BRIEF: Reproduce the entries word for word, and omit any picture you find in them.

■ ■ ■

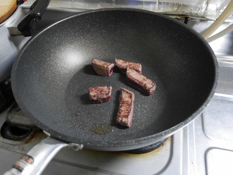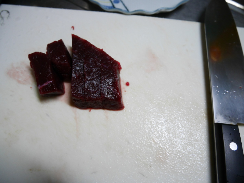 まずはこのように食べやすい大きさに切り分けます。 肉がめちゃめちゃ分厚いのでこれくらいが火が通りやすくていいだろう。 もともと刺身用ということで、生肉の味を活かしたい。 なので焼き具合はレアくらいにしました。
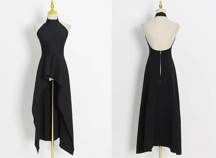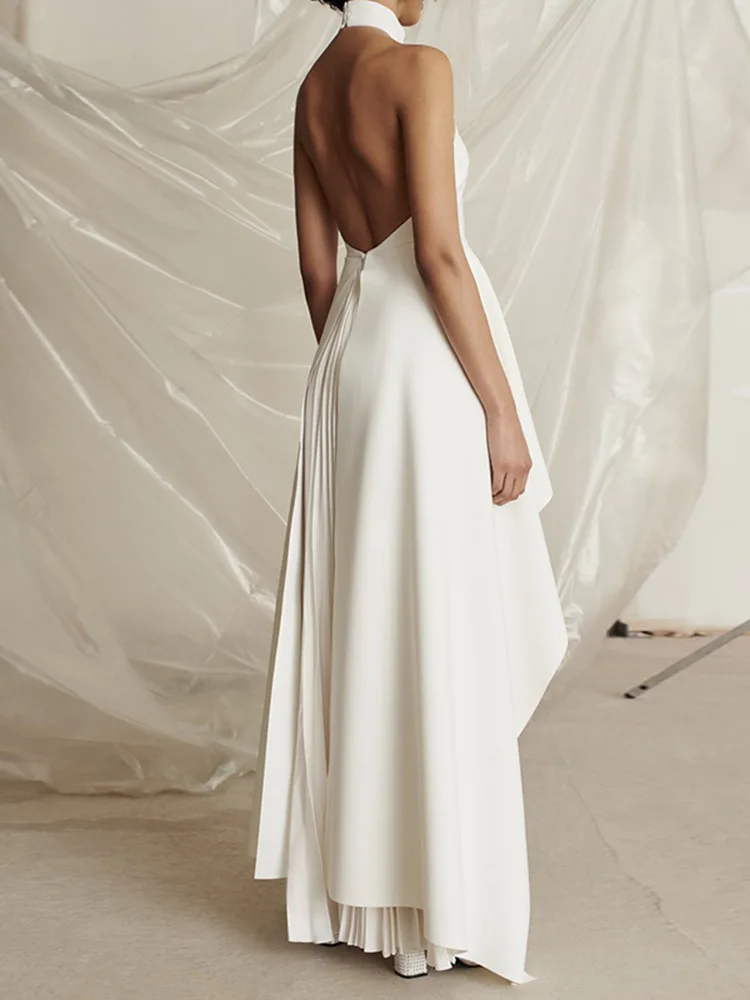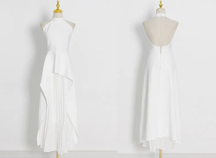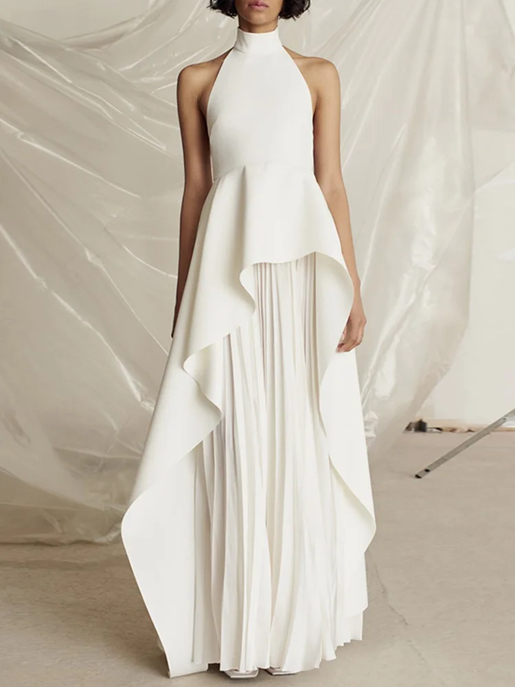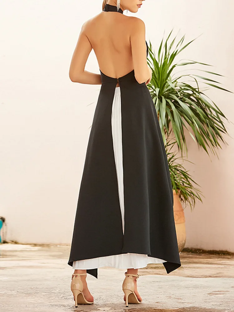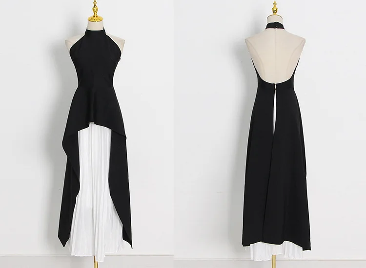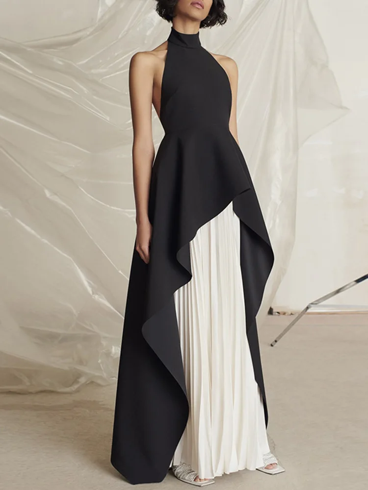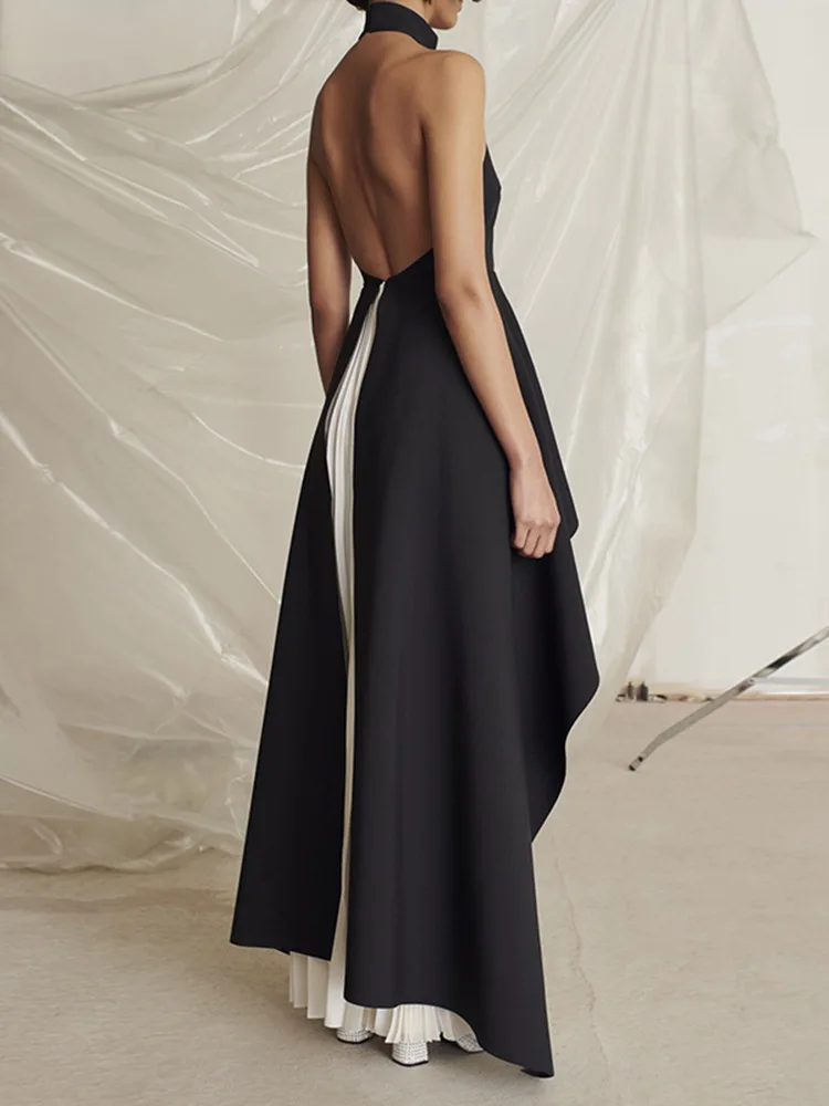 French Hanging Neck Evening Dress Pleated Elegant Luxury Black and White Contrast Color Prom Robe Long Wedding Party Dresses
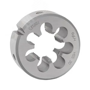 Цельная метрическая плашка предназначена для нарезания в 1 проход наружной резьбы в винтах, болтах, шпильках и др. из нелегированной и низколегированной стали с прочностью до 1000 Н/мм2 и цветных металлов. Изготовлена из высокопроизводительной быстрорежущей стали.
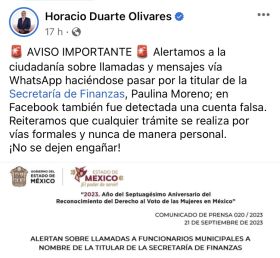 La Secretaría presentará una denuncia ante la Fiscalía General de Justicia del Estado de México, se reitera que los trámites ante la Secretaría de Finanzas se realizan por vías formales.
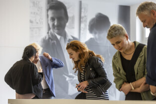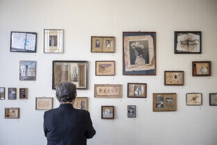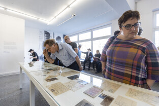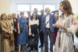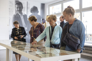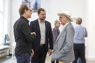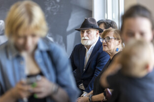 Gdańsk. W Gdańskiej Galerii Miejskiej odbył się wernisaż wystawy Małgorzaty Żerwe pt.:"Wątki". Nz. Pisarz Stefan Chwin
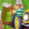 Start painting the canvas. Use the small brush for detailed areas, the medium brush for larger sections, and the large brush for broader strokes. Refer to the numbered paint set to match each part of the canvas with the correct color. Take your time with each section.
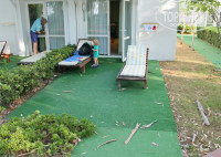 Заселили нас сразу, два номера рядом, оба с террасами. Сразу шокировали раздельные кровати, помимо них одна двухъярусная и детская для малыша. Территория около номера не убрана, валяются банановые листья, о которые ребенок спотыкается, да и ощущение, что на хоз.двор поселили. С коляской пройти сложно, лестница без пандуса. Номер обещали поменять на след.день. На ресепшн девушка уже другая начала говорить, что нет номеров. В общем, обратились мы сразу к Ярославе, про которую так много хорошего писали в отзывах. И не зря. Великолепный менеджер, да и человек хороший. Нас переселили в хороший номер, ребенок постоянно бегал по газону, и с коляской везде дойти можно, не таща на себе. Но номера все простенькие и сильно не новые, номерной фонд слаб.
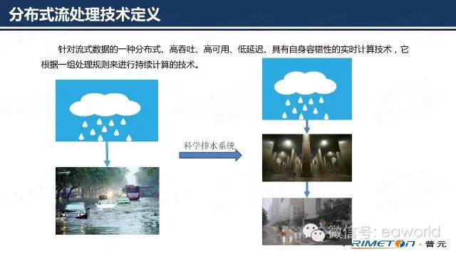 指针对流式数据的一种分布式、高吞吐、高可用、低延迟、具有自身容错性的实时计算技术,它根据一组处理规则来进行持续计算的技术。打个比方:相信大家对每年夏天的洪水灾害印象深刻,比如“故宫看海”,雨(数据)又大又急,雨水不能及时排出,将故宫变海,后借助科学排水系统(分布式流处理平台)解决。
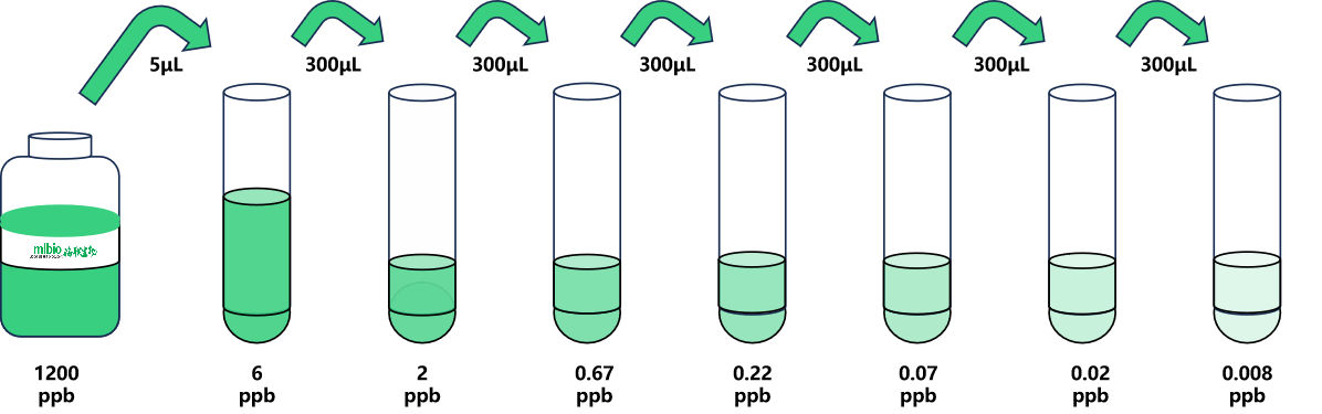 标准品配制:试剂盒中取出标准品,准备7个试管,先将1200ppb标准品(200µL)按需吸取一定量用1×稀释液稀释至6 ppb(例:5µL的标准品母液+995µL的1×稀释液,制备得到1000μL的6 ppb浓度标准品),随后在6个试管中分别加入600μL的1×稀释液,在这6个单独的试管中将6 ppb标准品依次3倍倍比稀释至6个梯度,共配制7个浓度的标准品,依次为:6 ppb、2ppb、0.67ppb、0.22ppb、0.07ppb、0.02ppb、0.008ppb,从最高浓度标准品溶液中吸取300μL标准品到下一个试管中,轻轻吹打混匀,以此类推进行标准品的倍比稀释(如图所示),1×稀释液用作零浓度标准品(0ppb)。

■ ■ ■

EXERCISE RESULT:
 まずはこのように食べやすい大きさに切り分けます。 肉がめちゃめちゃ分厚いのでこれくらいが火が通りやすくていいだろう。 もともと刺身用ということで、生肉の味を活かしたい。 なので焼き具合はレアくらいにしました。
 French Hanging Neck Evening Dress Pleated Elegant Luxury Black and White Contrast Color Prom Robe Long Wedding Party Dresses
 Цельная метрическая плашка предназначена для нарезания в 1 проход наружной резьбы в винтах, болтах, шпильках и др. из нелегированной и низколегированной стали с прочностью до 1000 Н/мм2 и цветных металлов. Изготовлена из высокопроизводительной быстрорежущей стали.
 La Secretaría presentará una denuncia ante la Fiscalía General de Justicia del Estado de México, se reitera que los trámites ante la Secretaría de Finanzas se realizan por vías formales.
 Gdańsk. W Gdańskiej Galerii Miejskiej odbył się wernisaż wystawy Małgorzaty Żerwe pt.:"Wątki". Nz. Pisarz Stefan Chwin
 Start painting the canvas. Use the small brush for detailed areas, the medium brush for larger sections, and the large brush for broader strokes. Refer to the numbered paint set to match each part of the canvas with the correct color. Take your time with each section.
 Заселили нас сразу, два номера рядом, оба с террасами. Сразу шокировали раздельные кровати, помимо них одна двухъярусная и детская для малыша. Территория около номера не убрана, валяются банановые листья, о которые ребенок спотыкается, да и ощущение, что на хоз.двор поселили. С коляской пройти сложно, лестница без пандуса. Номер обещали поменять на след.день. На ресепшн девушка уже другая начала говорить, что нет номеров. В общем, обратились мы сразу к Ярославе, про которую так много хорошего писали в отзывах. И не зря. Великолепный менеджер, да и человек хороший. Нас переселили в хороший номер, ребенок постоянно бегал по газону, и с коляской везде дойти можно, не таща на себе. Но номера все простенькие и сильно не новые, номерной фонд слаб.
 指针对流式数据的一种分布式、高吞吐、高可用、低延迟、具有自身容错性的实时计算技术,它根据一组处理规则来进行持续计算的技术。打个比方:相信大家对每年夏天的洪水灾害印象深刻,比如“故宫看海”,雨(数据)又大又急,雨水不能及时排出,将故宫变海,后借助科学排水系统(分布式流处理平台)解决。
 标准品配制:试剂盒中取出标准品,准备7个试管,先将1200ppb标准品(200µL)按需吸取一定量用1×稀释液稀释至6 ppb(例:5µL的标准品母液+995µL的1×稀释液,制备得到1000μL的6 ppb浓度标准品),随后在6个试管中分别加入600μL的1×稀释液,在这6个单独的试管中将6 ppb标准品依次3倍倍比稀释至6个梯度,共配制7个浓度的标准品,依次为:6 ppb、2ppb、0.67ppb、0.22ppb、0.07ppb、0.02ppb、0.008ppb,从最高浓度标准品溶液中吸取300μL标准品到下一个试管中,轻轻吹打混匀,以此类推进行标准品的倍比稀释(如图所示),1×稀释液用作零浓度标准品(0ppb)。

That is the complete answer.